**Supplied data**
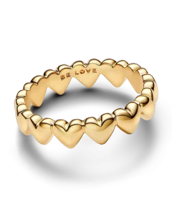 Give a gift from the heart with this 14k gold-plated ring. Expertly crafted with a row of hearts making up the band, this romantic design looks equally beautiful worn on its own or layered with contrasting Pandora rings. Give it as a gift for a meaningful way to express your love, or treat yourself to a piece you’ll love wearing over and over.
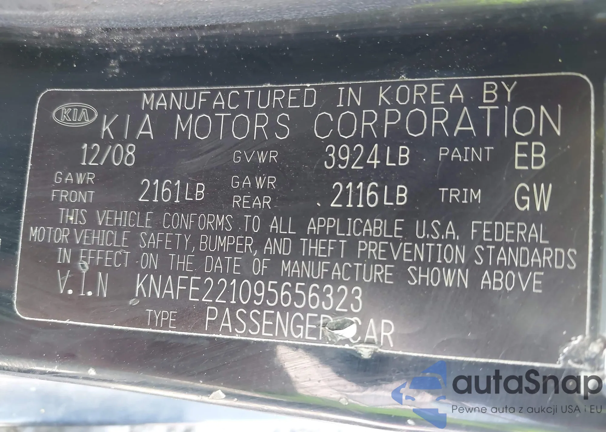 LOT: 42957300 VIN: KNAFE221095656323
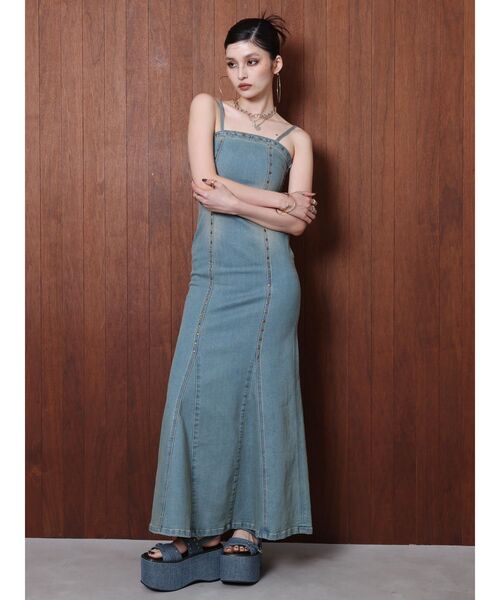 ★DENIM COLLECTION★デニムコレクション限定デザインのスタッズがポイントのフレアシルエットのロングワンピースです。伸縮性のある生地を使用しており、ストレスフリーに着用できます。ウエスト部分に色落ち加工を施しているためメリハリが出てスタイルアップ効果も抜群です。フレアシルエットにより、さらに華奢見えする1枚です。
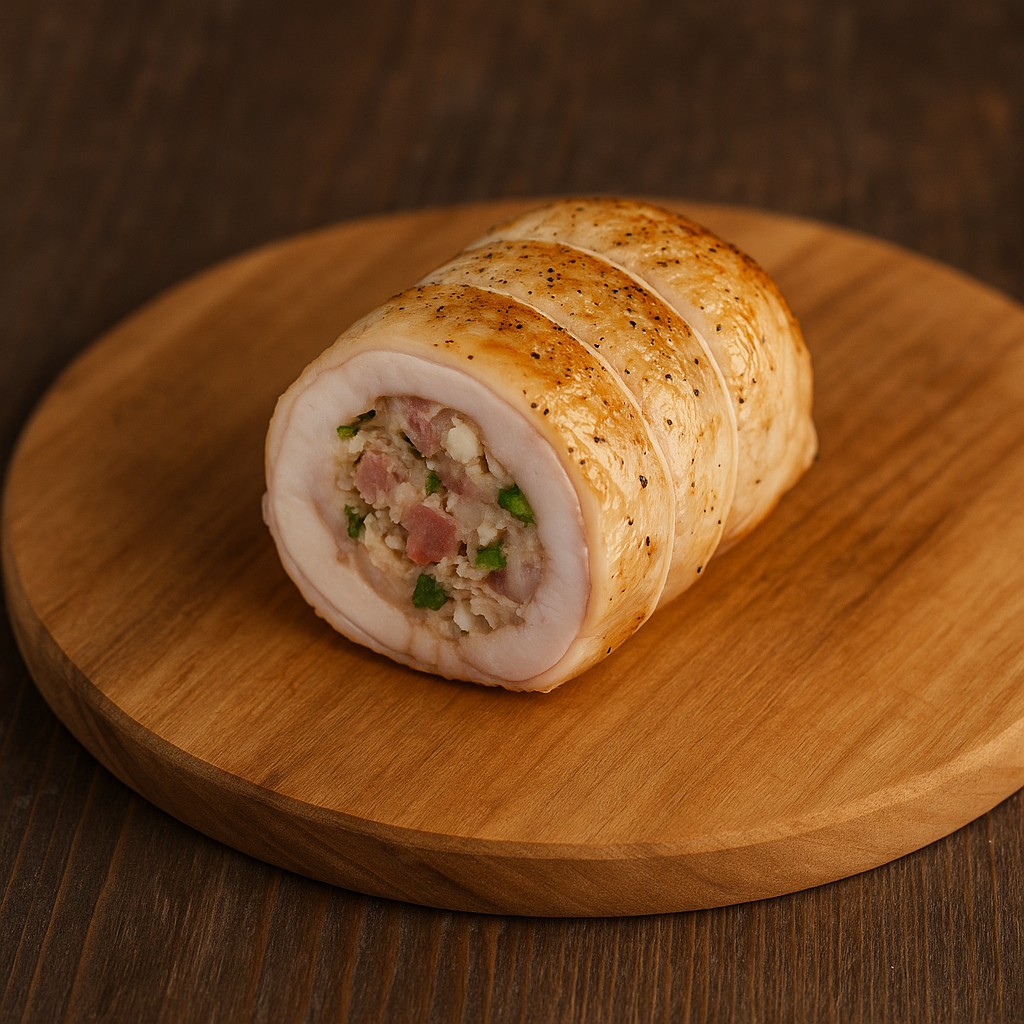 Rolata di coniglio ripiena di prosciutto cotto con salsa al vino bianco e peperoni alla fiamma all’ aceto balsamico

**Activity**
Retype, exactly as written, each line from the one containing "LOT: 42957300 VIN: KNAFE221095656323" through the end of the data above, and leave out every picture.

**Problem solution**
 LOT: 42957300 VIN: KNAFE221095656323
 ★DENIM COLLECTION★デニムコレクション限定デザインのスタッズがポイントのフレアシルエットのロングワンピースです。伸縮性のある生地を使用しており、ストレスフリーに着用できます。ウエスト部分に色落ち加工を施しているためメリハリが出てスタイルアップ効果も抜群です。フレアシルエットにより、さらに華奢見えする1枚です。
 Rolata di coniglio ripiena di prosciutto cotto con salsa al vino bianco e peperoni alla fiamma all’ aceto balsamico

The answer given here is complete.